Another day, another battle. British Prime Minister Theresa May tries once again Tuesday to unite her warring ministers on a plan for post-Brexit trade ties with the EU.
With less than 11 months to go until Britain quits the bloc, London has yet to set out a detailed plan for trade and lawmakers are becoming increasingly impatient over the lack of direction.
Stephen Crabb, a Conservative MP and former minister, expressed concern that the government was involved in "some kind of ideological cage fight" with itself.
Cabinet ministers are openly arguing about the government's two proposed options on trade, which are intended to reduce the need for customs checks, particularly on the Irish border.
After a meeting two weeks ago broke up without agreement, May divided her top ministers into two groups to work on the proposals, forcing ministers to assess the merits of each idea.
Their findings will be discussed at a ministerial Brexit meeting on Tuesday, although a final decision is not expected this week.
The unorthodox approach to policymaking highlights the difficulties May has in balancing different views within her ruling Conservative party.
The desire for Britain to forge its own path is countered by the fear of cutting economic ties.
But the failure to decide is causing consternation among lawmakers.
Former education minister Nicky Morgan warned on Monday that "parliament will have to step up to the plate".
Crabb said most Conservative MPs wanted a pragmatic compromise, and warned that if ministers did not back May, "they will find that parliament will be making the decisions for them".
May is acutely aware of the need to get parliament onside, as both the Houses of Commons and Lords will have to sign off on any final Brexit deal agreed with Brussels.
Ahead of Tuesday's cabinet meeting, May met privately with Conservative MPs to explain to them the government's proposals.
Conservative chief whip Julian Smith, who is responsible for getting legislation through parliament, also now regularly attends ministerial meetings on Brexit.
"It comes down to the maths. The cabinet is irrelevant if she can't get the legislation through," one opposition MP told AFP.
The House of Lords recently defeated the government 14 times over its flagship EU (Withdrawal) Bill, which sets out the legal framework for Brexit.
Peers made a string of amendments on customs and single market access and the powers of parliament to amend the final Brexit deal.
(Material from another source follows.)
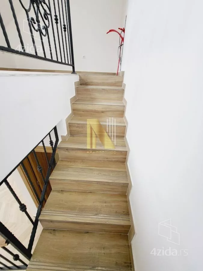 Podna italijanska keramika marke Sherbon slagana na riblju kost, nezavisna inverter klima ( greje na -20,a hladi na +40), roletne na struju, prozori 6 komorni Roloplast, Alu ulazna sigurnosna vrata sa termo prekidom i sigurnosnom bravom, izolacija za krov od 30 cm (kamena vuna) i pokriveno crepom I klase, stepenište obloženo keramičkim oblagama iz jednog komada u boji podova, sobna vrata od medijapan sa italijanskom kvakom i bravom , kao i experience aling-ova elektro galenterija i komplet led rasveta sa ugradjenim led skrivacima.
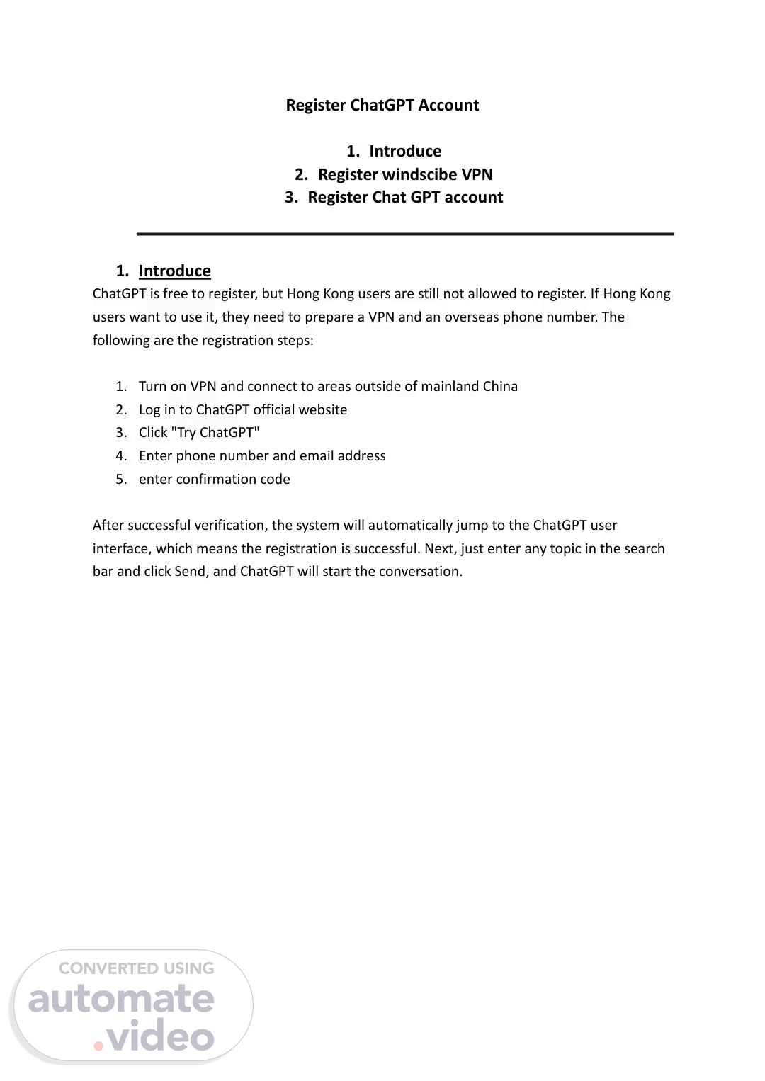 [Virtual Presenter] Register ChatGPT Account 1. Introduce 2. Register windscibe VPN 3. Register Chat GPT account 1. Introduce ChatGPT is free to register, but Hong Kong users are still not allowed to register. If Hong Kong users want to use it, they need to prepare a VPN and an overseas phone number. The following are the registration steps: 1. Turn on VPN and connect to areas outside of mainland China 2. Log in to ChatGPT official website 3. Click "Try ChatGPT" 4. Enter phone number and email address 5. enter confirmation code After successful verification, the system will automatically jump to the ChatGPT user interface, which means the registration is successful. Next, just enter any topic in the search bar and click Send, and ChatGPT will start the conversation..

MPs must now vote on each amendment, although the bill has been delayed, prompting claims that the government fears it will be defeated again.
Other Brexit legislation is backing up, with trade and customs bills stalled and others on immigration, fishing and farming still due.
Hardline pro-Brexit MPs have been vocal in refusing to compromise their demands for a clean break with Brussels so as to "take back control" of Britain's laws and borders.
They have criticised May's preferred customs plan, in which Britain would effectively collect tariffs on behalf of the EU -- a plan Foreign Secretary Boris Johnson has blasted as "crazy".
They favour the "maximum facilitation" proposal, which would use technology to ease cross-border trade, while allowing Britain to set its own customs rules.
The eurosceptics wield significant influence in Downing Street, but when it comes to a vote in parliament commentators put their numbers at no more than 100 MPs -- less than one third of the Conservative party.
Pro-Europeans from all parties meanwhile are increasingly working together, using WhatsApp to coordinate their activities.
The main opposition Labour party also changed the dynamic when it gave conditional backing to a new customs union with the EU.
Some of its members are now pressing for the party to support a Norway-style continued membership of the single market, an option backed by more than 80 Labour peers in an amendment to the EU (Withdrawal) Bill.
In an editorial, The Guardian newspaper said May should accept the need for closer economic ties as the only way to make the parliamentary arithmetic work.
"The prime minister would have to relinquish the support of the most fanatical Tory caucus, but she could make up the numbers with support from opposition MPs," it said.